A vrai dire, on peut penser tout ça à la fois. Et sortir de ces deux heures trente ni emballé, ni agacé. Pas même déçu, en fait, mais en se disant que, au fond, on s’en fout. Solo n’est même pas une mauvaise idée : le personnage a toujours été hyper charismatique, et son passé entouré de tas de zones sombres. Sauf que Solo n’est même pas vraiment une idée. Quitte à multiplier les films dérivés comme Disney voulait le faire (un film chaque année, alternant saga officielle et spin-off) en s’intéressant à des épisodes rapidement évoqués comme Rogue One, ou à certains personnages, le choix d’Han Solo s’imposer comme une évidence.

Mais peut-être eut-il fallu une ambition un peu plus grande que simplement mettre en image la rencontre de Solo avec Chewbacca, Lando ou le Faucon Millenium. Ne s’ajoutent à ça qu’une histoire d’amour complexe pleine de promesses pas vraiment tenues, une énième évocation du totalitarisme déjà au cœur de tous les autres films, et les ébauches de personnages intéressants d’esclaves en rébellion dans la toute dernière partie.

Solo, malgré sa conception chaotique (Phil Lord et Chris Miller virés en plein tournage, et remplacés par le vieux briscard Ron Howard), est un film cohérent dans son style et son rythme. Mais Alden Ehrenreich ne fait pas de miracle en reprenant le rôle de Han Solo, les sourires qu’il lance en rencontrant Chewbacca ou en s’installant aux commandes du Faucon Millenium semblant être ceux d’un fan qui réaliserait la stature du rôle qu’il tient.
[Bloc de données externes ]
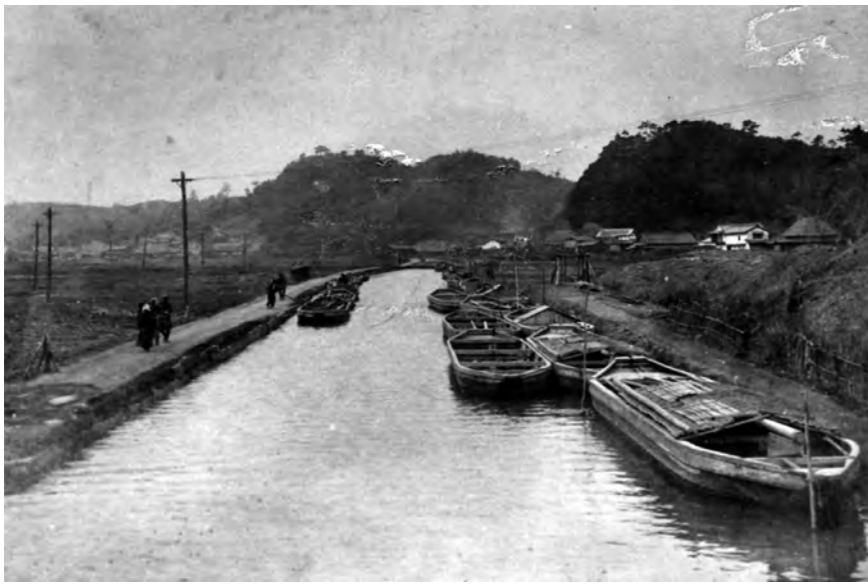
上) 明治時代中期の水巻町吉田付近。堀川に多くの川ひらたが付けられている。

江戸時代に遠賀川と洞海湾をつないだ堀川。その流れは、日本の重化学工業の発展に貢献したのです。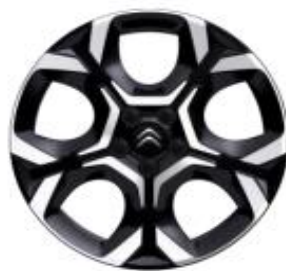
18 Zoll Leichtmetallfelgen PULSAR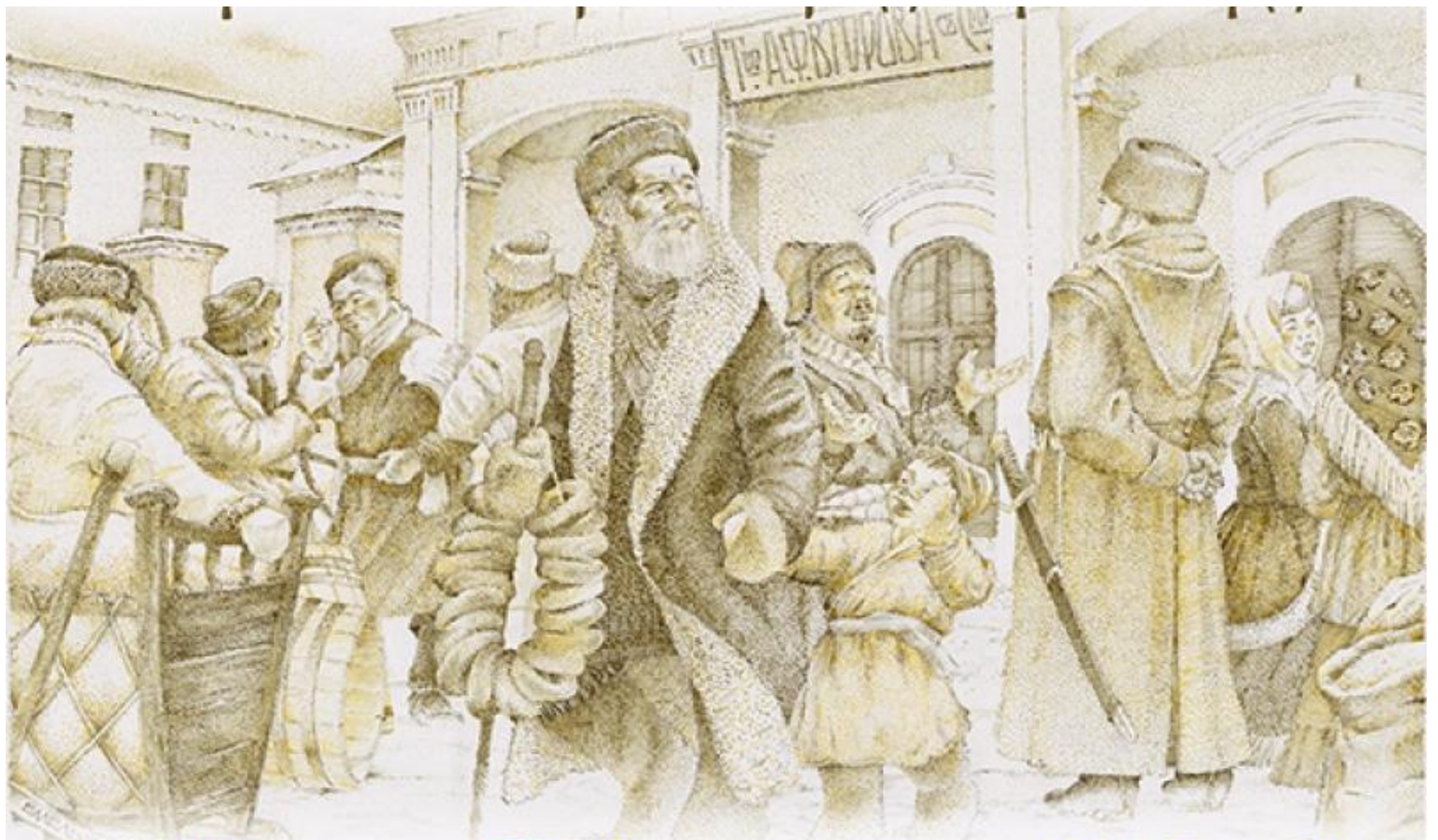
1666 Удинск - 1735 Верхнеудинск - 1934 Улан-Удэ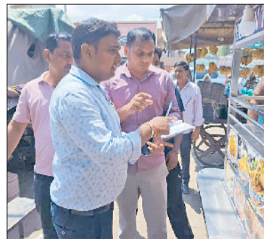
नारनौल। चालान करती नय टीम व अतिक्रमण हटवाती नय टीम।

सड़क पर अतिक्रमण किया हुआ है। अतिक्रमण के चलते इस मार्ग पर दिनभर जाम की स्थिति बनी रहती है। जिससे वाहन चालकों को भारी परेशानी उठानी पड़ती है। इसके अलावा बस स्टैंड के समीप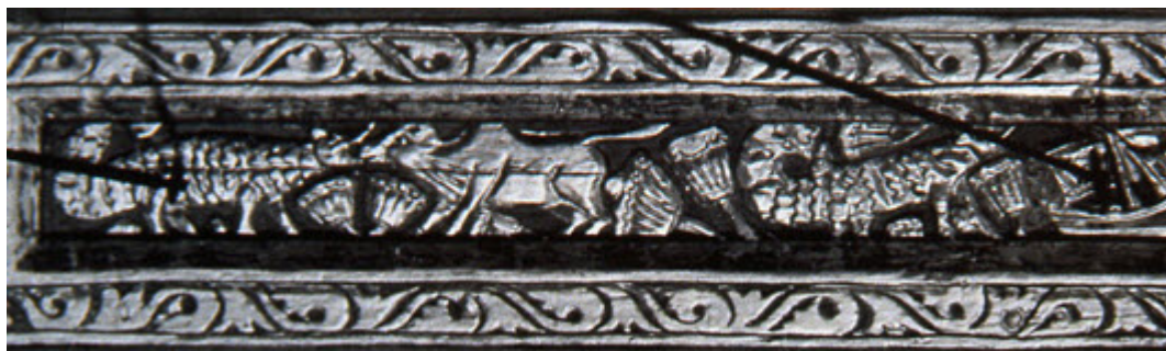
ο ανάγλυφος διάκοσμος

Το κείμενο αυτό και οι φωτογραφίες που το συνοδεύουν δημοσιεύτηκε στη διεύθυνση: http://www.myriobiblos.gr/texts/greek/papastavrou_nero.html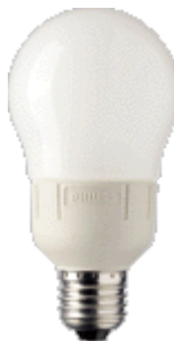
PL-E Ambiance 12W E27 A65/A65B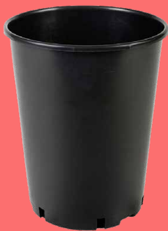
Vaso Vivaio Lungo 18/L

Scegli la qualità e l'affidabilità del vaso Lungo Vivaio per ottenere i migliori risultati per le tue piante da frutto!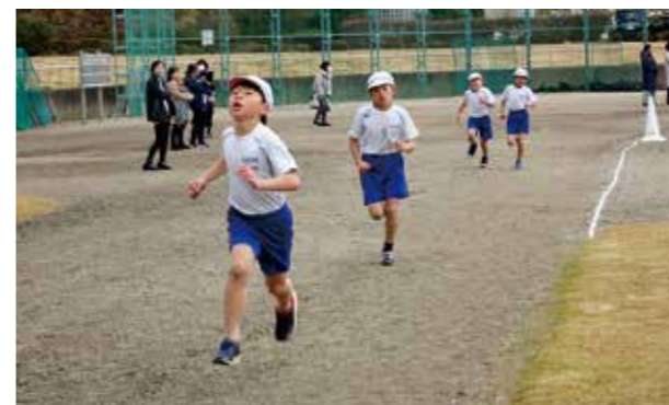
←ゴールを目指し、頑張りました

11月28日、持久走記録会が総合グラウンドで行われました。子どもたちはこの日のために体育の時間はもちろん、大休憩なども使って一生懸命練習してきました。新記録や自己ベストの記録が続出し、練習の成果を十分に発揮することができました。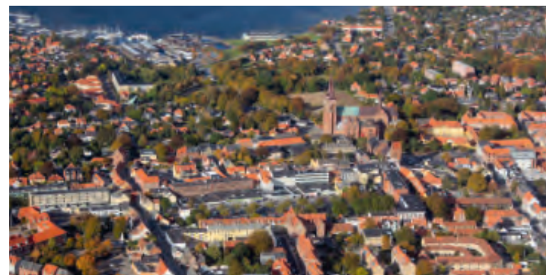
Fig. 1. Roskilde bymidte set fra luften. Foto Cille Krause, ROMU, 2009.

Stadig den dag i dag toner synet af Sankt Laurentii Kirketårn, der hæver sig op over de omkringliggende bygninger, frem i det fjerne allerede ved ankomsten til østenden af Algade. Dens kamtakkede gavl med sine sengotiske blændinger, der krones af tre etagedelte trappestik og leder tankerne i retning af Den Hellige Treenighed, forrykker således opfattelsen af at befinde sig i den religiøse periferi hen imod en oplevelse af øget nærvær med det guddommelige. 1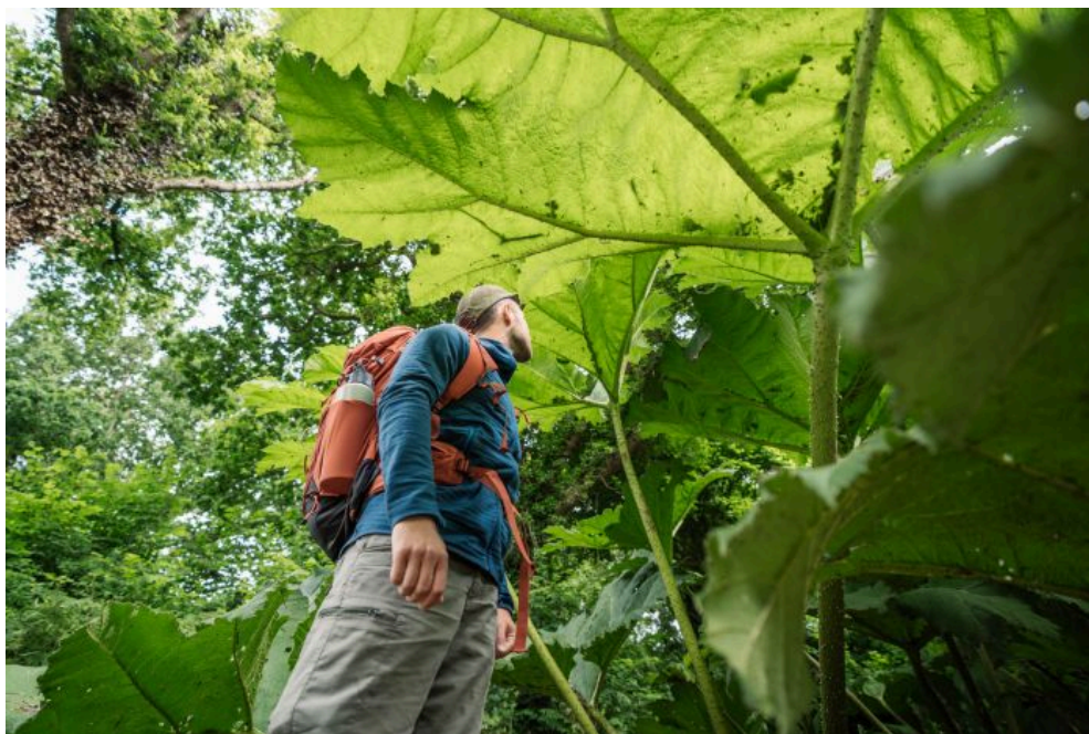
Bois du clown à Plouguerneau

🌿 Plus haut, plus loin, ensemble ! Comme ce randonneur qui se fraye un chemin sous les feuilles géantes du bois du Clown, on continue d'avancer ensemble pour faire grandir les Abers ! Novembre, c'est le mois du renouvellement du partenariat — l'occasion parfaite de repartir du bon pied, d'explorer de nouvelles idées et de préparer une belle saison 2026, main dans la main.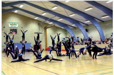
Super Spring .....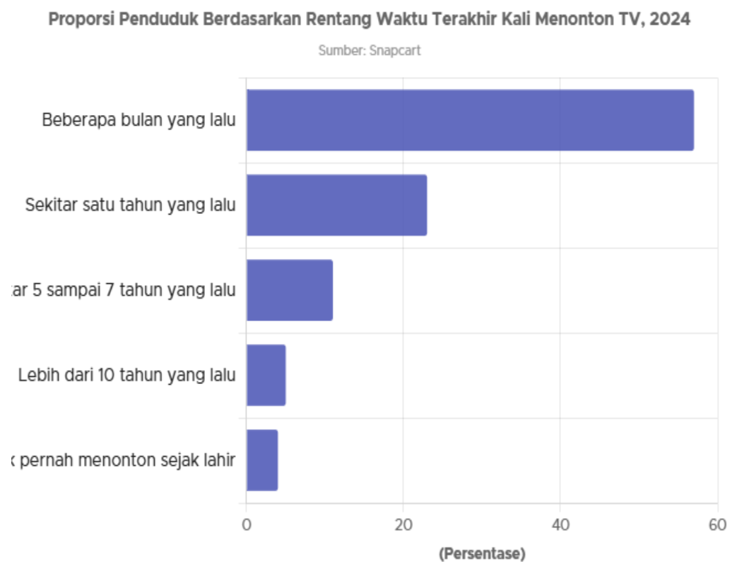
Gambar 1.2 survei snapchart

Data lain yang menunjukkan bahwa penonton televisi menurun adalah hasil survei snapcart. Hal ini menunjukkan bahwa televisi lokal tidak lagi menjadi pilihan utama bagi Masyarakat.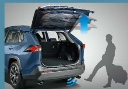
■ 足踢感應式電動尾門(2.0 旗艦以上)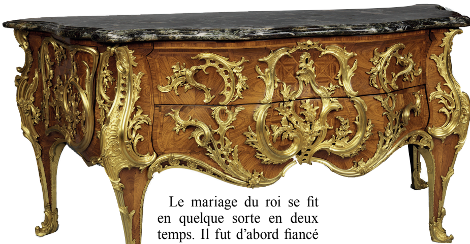
Commode de la chambre de Louis XV à Versailles, par Gaudreau et Caffieri, 1739 (Londres, Wallace Collection). Les portes des vantaux latéraux dissimulent deux petits placards servant à ranger le matériel du barbier du roi.

connu qu'il a suivi, à onze ans, des cours de haut niveau au collège d'Harcourt. Adulte, il fit créer au château de La Muette un pavillon d'optique et de physique.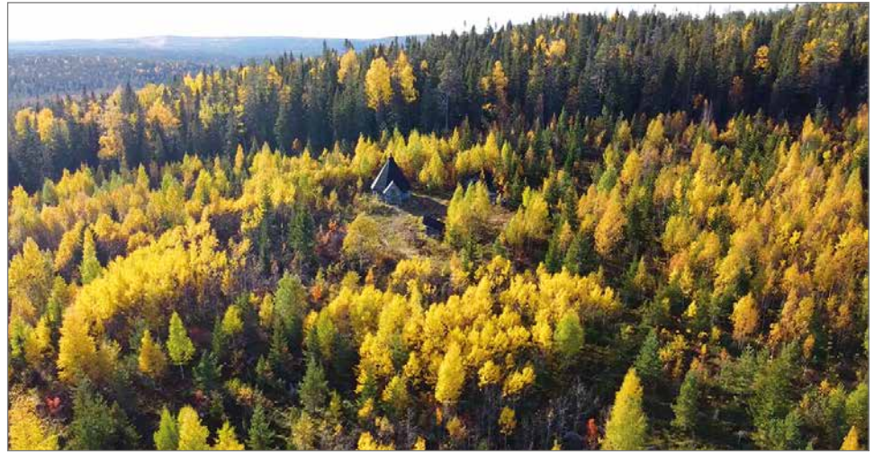
Teerikoda sijaitsee Teerivaaran upeissa maisemissa.

Et le film ne surprend jamais.

Efficace, haletant même parfois, mais vain : le film ne fait des pauses dans une action frénétique que pour lancer des clins d’œil aux épisodes précédents de la saga. D’ailleurs, même les scènes d’action ont le côté « redite » du réalisateur trop contraint par ses modèles. On retiendra surtout une séquence vertigineuse sur le toit d’un train lancé à toute vitesse dans des paysages de montagnes enneigés, et une autre plus modeste et tout aussi dramatique à la douane, digne d’un film sur la guerre froide.